With the end of summer I always get the urge to make pickles, so here’s the recipe I made today. We’re having company for dinner tomorrow night, so I didn’t feel bad about making a big batch! Just remember there is some waiting involved, so you can’t make these at the last minute.
– 5 1/2 c thinly sliced pickling cucumbers (about 1 1/2 pounds)
– 1 1/2 T kosher salt
– 1 c thinly sliced onion
– 1 c white sugar
– 1/4 c packed brown sugar
– 1 c white vinegar
– 1/2 c cider vinegar
– 1 1/2 t mustard seeds
– 1/2 t celery seeds
– 1/8 t tumeric
Combine sliced cucumbers and salt in a bowl, cover and chill 1-2 hours. Drain and rinse cucumbers under cold water, making sure to get the salt off. Drain again and return cucumbers to the bowl. Add the sliced onion and stir together.

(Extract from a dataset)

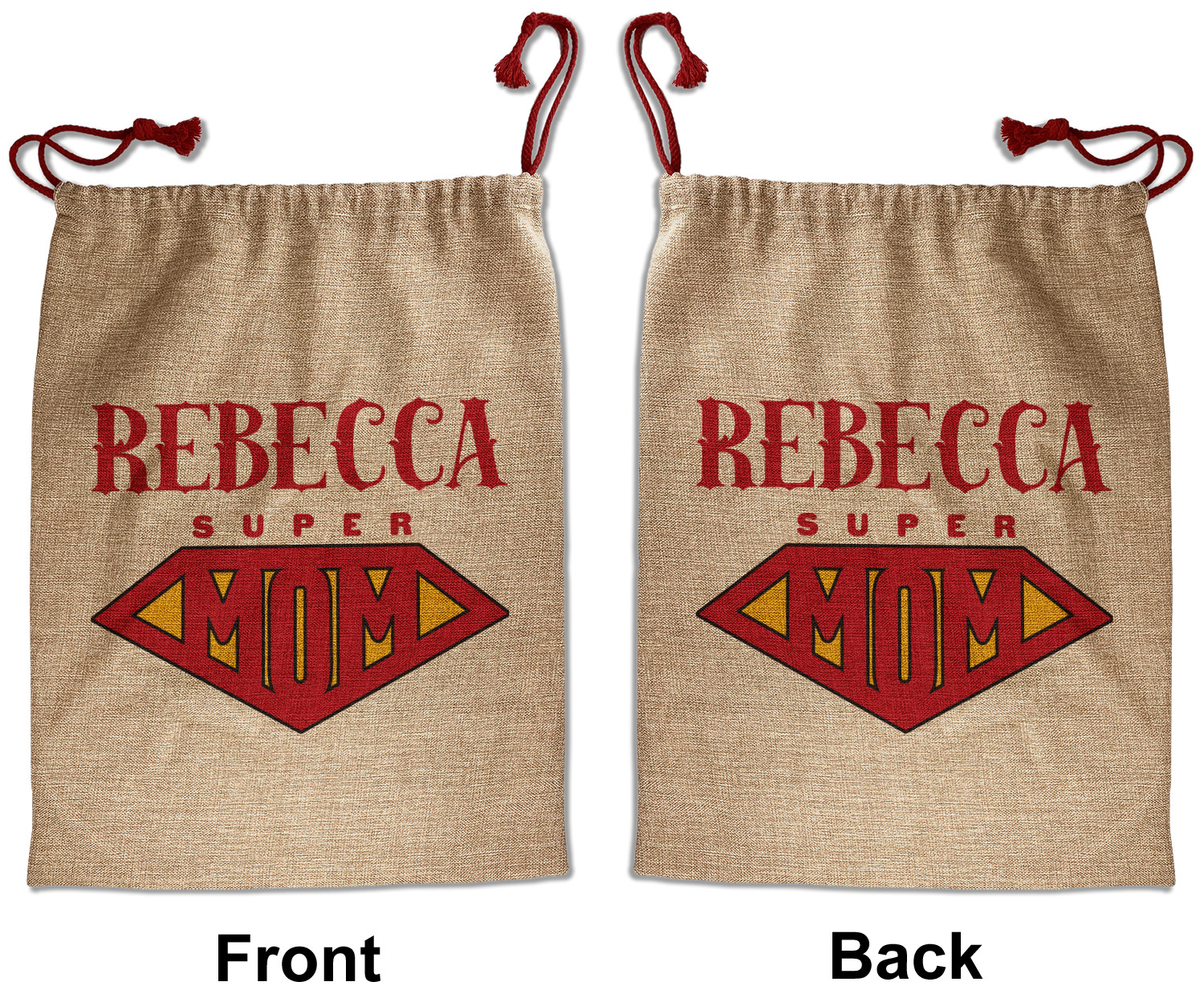 Our Santa sacks print your design on the burlap material giving it a nice rustic, natural design! The burlap material is also machine washable and wrinkle-free, so feel free to fold and store out Santa bags until the next time you need it! Secure your gifts with our red accent drawstring ties at the top of the sack so the mystery of your gift stays a surprise until Christmas day. We offer two types of printing- one side partial print or double-sided partial printing. Design and personalize your own Santa sack in time for the holidays!

Combine the rest of the ingredients in a saucepan and bring to a simmer, stirring until sugar dissolves.
Pour hot vinegar mixture over the cucumbers and let stand at room temperature for 1 hour. Cover and refrigerate at least 24 hours before eating.
These will keep in the refrigerator up to two weeks–just keep them in an airtight container.
Makes about 1 quart of pickles.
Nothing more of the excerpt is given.